By the time of his death in 1932, Rosenwald had donated close to the modern-day equivalent of $2 billion of his personal wealth to various philanthropic causes. At the center of his philanthropy was the funding of African-American schools in the south that were informally known as the “Rosenwald Schools.” Over the course of two decades, more than 5,000 Rosenwald schools opened in states including Louisiana, Alabama and Mississippi. Diner writes that one “1930s estimate concluded that 89 percent of all buildings in which Mississippi’s black youngsters received schooling were Rosenwald schools.”

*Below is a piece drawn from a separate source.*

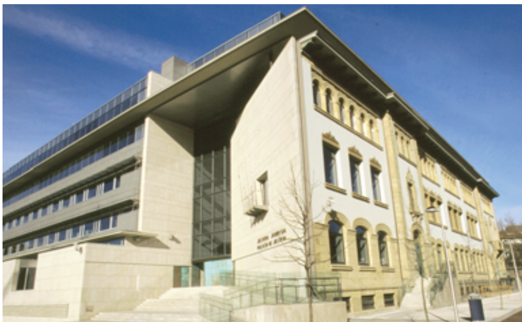
Nuevo Palacio de Justicia en Atotxa, Donostia-San Sebastián.

Además, los foros JustiziaNET abren la posibilidad de que los visitantes puedan hacer sus aportaciones
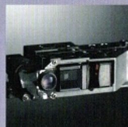
安全内蔵式ユニバーサルファインダー。 左側は広角2種の焦点距離のレンズに対応。 右側は標準から望遠まで4種の 焦点距離のレンズに対応する 等倍ファインダーが組み込まれている。

1957年といえば、今からもう約半世紀も昔の話。その当時、国内外プロカメラマンから絶大な評価を受け、以来「伝説の機種」として謳われ続けてきた距離計連動式カメラ、それがニコンSP。このカメラを蘇らせることは、ニコンにとって永年の課題であり、必ず実現したい夢でもありました。

Julius Rosenwald: Repairing the World
(Courtesy photo)

Rosenwald’s generosity in the African-American community was deeply influenced in part by Tuskegee Institute founder Booker T. Washington’s autobiography, “Up From Slavery.” He also saw funding African-American education as a way to improve the conditions under which African-Americans lived. Diner said Rosenwald’s activism was further connected to the essence of Reform Judaism’s social justice platform. “[Social justice] was the essence of Reform Judaism and the center of the Reform agenda,” observed Diner. “Jewish law may have been meaningful in the past, but the core of Judaism is improving the world, and Rosenwald was really influenced by that.”

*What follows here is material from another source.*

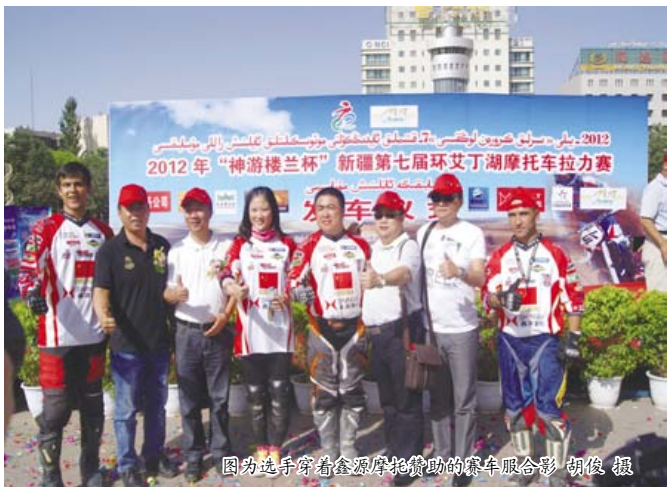
图为选手们穿着鑫源摩托参赛的集体合影

一开始宣传 QC 小组的时候,大家都对这项活动不以为然,大部分人都觉得这只是一个形式,涂装车间的 QC 小组先把各工段骨干组织起来,从基础抓起。第一步是统计方法的基础知识,即常用的统计方法在 QC 小组活动中的应用、QC 小组的活动程序、PDCA 循环要求等。为了帮助大家理解和记忆,培训师都精心准备课件,并尽量结合案例深入浅出地讲解。

Rosenwald’s charity also extended to the Jewish community—with a caveat. “He supported synagogues, Jewish learning, Jewish cultural programming and assistance for Jewish refugees,” said Diner. “However, he firmly believed that in day-to-day life, Jews had to live with other people. Prejudice ends when people are in contact with each other. He thought that living in a Jewish society was not in the best interest of the Jews.” His philosophy led him to disclaim early 20th-century Zionism as a utopian notion. Rosenwald was convinced that Zionism would lead Jews to become embroiled in Middle Eastern conflicts. “He thought that Jews separating themselves out was harmful to the Jewish people,” Diner said. “He saw that there were other people in Palestine, and therefore only gave money to certain kinds of cultural and educational projects.”

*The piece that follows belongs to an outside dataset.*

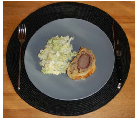
Le Filet du Mont Raimeux ... pendant ... ☺

Aviva Kempner‘s documentary “Rosenwald” is a worthy companion to Diner’s book. Kempner presents a portrait of a modest, good man who was committed to bringing the Jewish concept of tikkun olam, or “repairing the world,” to life. Both Kempner and Diner, who is briefly interviewed in the documentary, present Rosenwald as a man who was very much a product of his time. Kempner’s documentary emphasizes how Booker T. Washington strongly influenced Rosenwald’s approach to funding African-American education. In keeping with the Tuskegee Institute’s motto—“We do everything we teach, and we teach everything we do”—Rosenwald provided one-third of the funding for his education project, demanded that the local white community fund another third and the final third come from the black community. The heart of the film presents the innovative fundraising the community did, which was bolstered by grassroots giving.

Rosenwald’s largesse to the African-American community also extended to the building of “black YMCAs” across the country. These particular YMCAs provided housing, educational and recreational opportunities to black men migrating north for work. Rosenwald further committed himself to the community when he established the Rosenwald Fund Fellowship, which awarded talented African-Americans grants. Recipients included W.E.B. Dubois, Ralph Bunche—the first black person to win a Nobel Prize—writers Ralph Ellison, Langston Hughes, James Baldwin and Maya Angelou. Another recipient, American poet laureate Rita Dove, says on camera that the fellowship was “the single most important funding agency for African-American culture in the 20th century.”

Both Diner and Kempner reveal the factors that went into Rosenwald’s philanthropic decisions, as well as the impetus behind his generosity to the African-American community. As the late Julian Bond, who appears in Kempner’s film, says, “He didn’t have to care about black people, but he did.”